The techniques described herein provide for a first switch to receive a multicast packet (e.g., from a source node). The first switch may encapsulate the original packet (e.g., add information to a header of the original packet, original broadcast/multicast packet). In some cases, the first switch may add routing information to the header of the original packet (e.g., routing information of other switches in the multicast group). In some cases, the routing information may include participant information, or information of switches that are participants or selected recipients of the source packet. The first switch may generate copies of the encapsulated packet and route the copies of the packet to the switches in the multicast group. In some examples, routing logic may be used to route inter-switch packets (e.g., copies of the encapsulated packet). For example, routing logic may be used to route packets around failed links. In some implementations, a fabric manager may be configured to provide knowledge of the topology of the fabric. The first switch may use this knowledge to encapsulate the original packet (e.g., to add routing information to the header of the original packet).

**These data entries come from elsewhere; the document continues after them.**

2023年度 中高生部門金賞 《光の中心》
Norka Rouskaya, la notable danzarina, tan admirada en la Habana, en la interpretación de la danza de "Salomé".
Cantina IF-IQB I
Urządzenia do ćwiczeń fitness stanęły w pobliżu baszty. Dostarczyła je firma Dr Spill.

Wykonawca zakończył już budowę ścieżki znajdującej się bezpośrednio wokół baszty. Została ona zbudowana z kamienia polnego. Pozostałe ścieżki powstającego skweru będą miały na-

In some cases, a second switch (e.g., each switch in the multicast group that receives a copy of the encapsulated packet) may be configured to forward a copy of the original packet to endpoints associated with the second switch. For example, each switch that receives the encapsulated packet may forward a copy of the original packet (e.g., without the encapsulation information) to each endpoint associated with the respective switches. In some cases, a switch (e.g., each switch) may include a packet engine.

In HPC networks or other networks with a fabric manager, the topology of the network may be known. In some examples, the fabric manager knows which devices are connected to which switches. In some cases, the fabric manager knows which links are inter-switch links (ISLs) and which are links to end devices (compute, storage, etc.).

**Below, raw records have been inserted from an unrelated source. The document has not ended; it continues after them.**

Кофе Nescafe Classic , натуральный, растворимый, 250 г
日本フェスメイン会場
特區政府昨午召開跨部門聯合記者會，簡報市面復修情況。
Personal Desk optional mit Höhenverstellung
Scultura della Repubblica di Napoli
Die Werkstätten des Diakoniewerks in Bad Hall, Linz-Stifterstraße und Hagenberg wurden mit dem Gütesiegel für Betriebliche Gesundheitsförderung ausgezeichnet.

Based on the described techniques, instead of flooding a network with traffic in an attempt to propagate a packet throughout a system (e.g., to avoid flooding a network), a first switch receives a multicast/broadcast frame and routes the frame to a packet engine unit within the switch. In some examples, the packet engine has been configured by the fabric manager with the address of every switch in the network. Upon receipt of the multicast packet, the packet engine may be configured to create a group of addressed packets, one packet for each switch in the multicast group. Each of these packets may include the original multicast packet. The packet engine (e.g., of the originating switch) then routes the addressed packets to the other switches in the network. Upon receipt of the encapsulated multicast packet, packet engines in each of the other switches de-encapsulate the packet and forward it to appropriate end devices locally attached to that switch. In some examples, after transmission of the encapsulated packets, the originating switch may forward the multicast packet to end devices attached to the originating switch.

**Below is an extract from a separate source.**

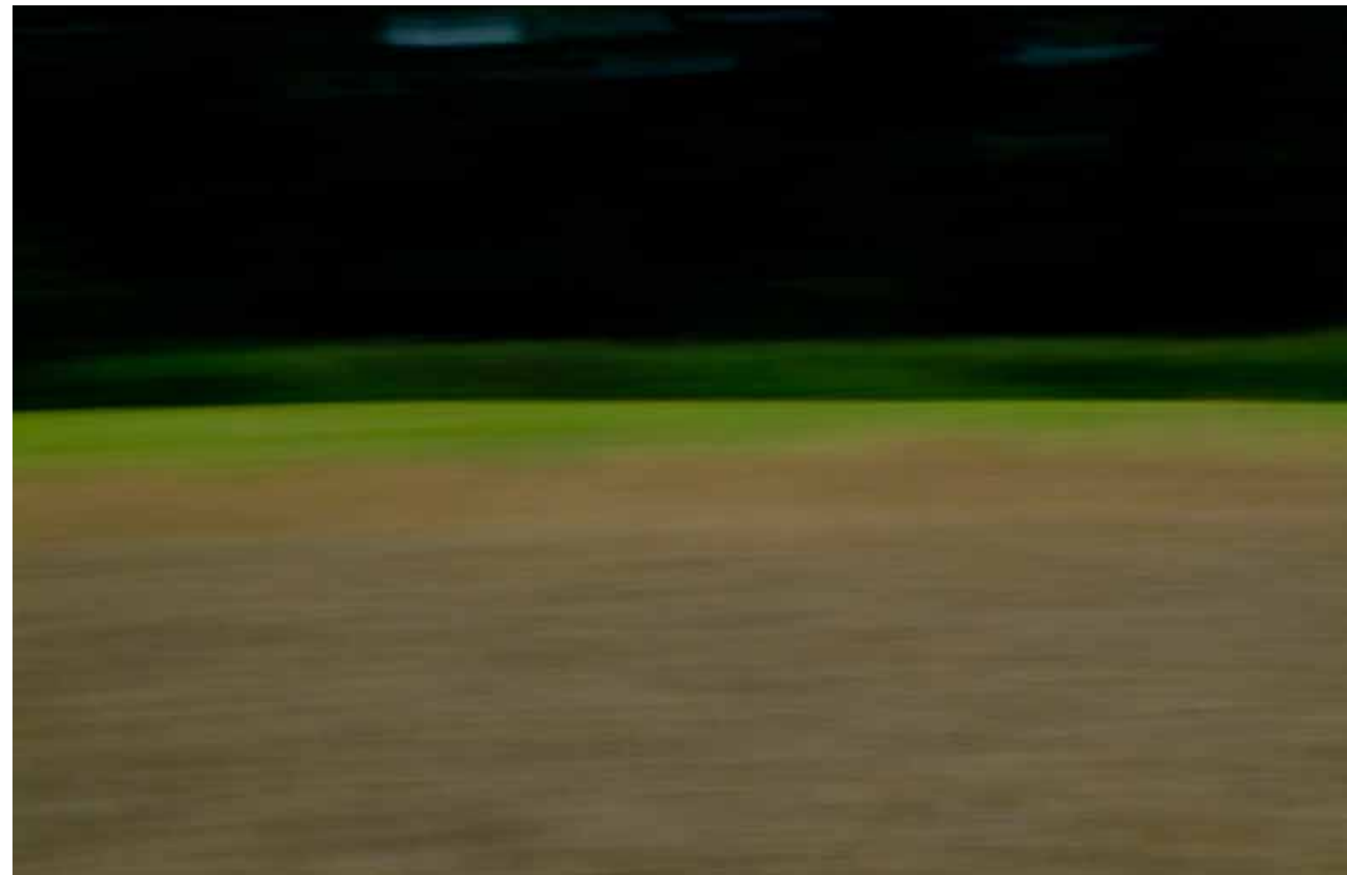
Z cyklu Pejzaże dynamiczne: Pejzaż 117, 2008

In some examples, a first switch may receive a source packet from a source node of the first switch, encapsulate the source packet, and distribute copies of the encapsulated packet to a first subset of participating switches, while distributing copies of the source packet to participating local nodes of the first switch, if any. The first subset of participating switches may send copies of the encapsulated packets to a second subset of participating switches, while distributing copies of the source packet to respective participating local nodes of the first subset of switches, if any. Such a hierarchal distribution decreases distribution latency by avoiding/minimizing a single-threaded distribution to other switches from the first switch. Assuming eight racks, if the first switch were to distribute copies of the encapsulated packet to a single switch per remote rack and that single switch per remote rack were to propagate to all participating switches in a respective rack, the messages would be distributed around 8× faster and reduce ISL traffic between racks based on the systems and methods described herein.

The described techniques dramatically reduce the number of packets generated for multicast operations. Instead of the potential squared term explosion of packets created, the minimum number of packets for a given multicast are produced. For example, the described techniques result in N−1 inter-switch encapsulated packets and Y−1 packets to end devices, where N is the number of participating switches in the multicast group, and Y is the number of end devices participating in the multicast operation.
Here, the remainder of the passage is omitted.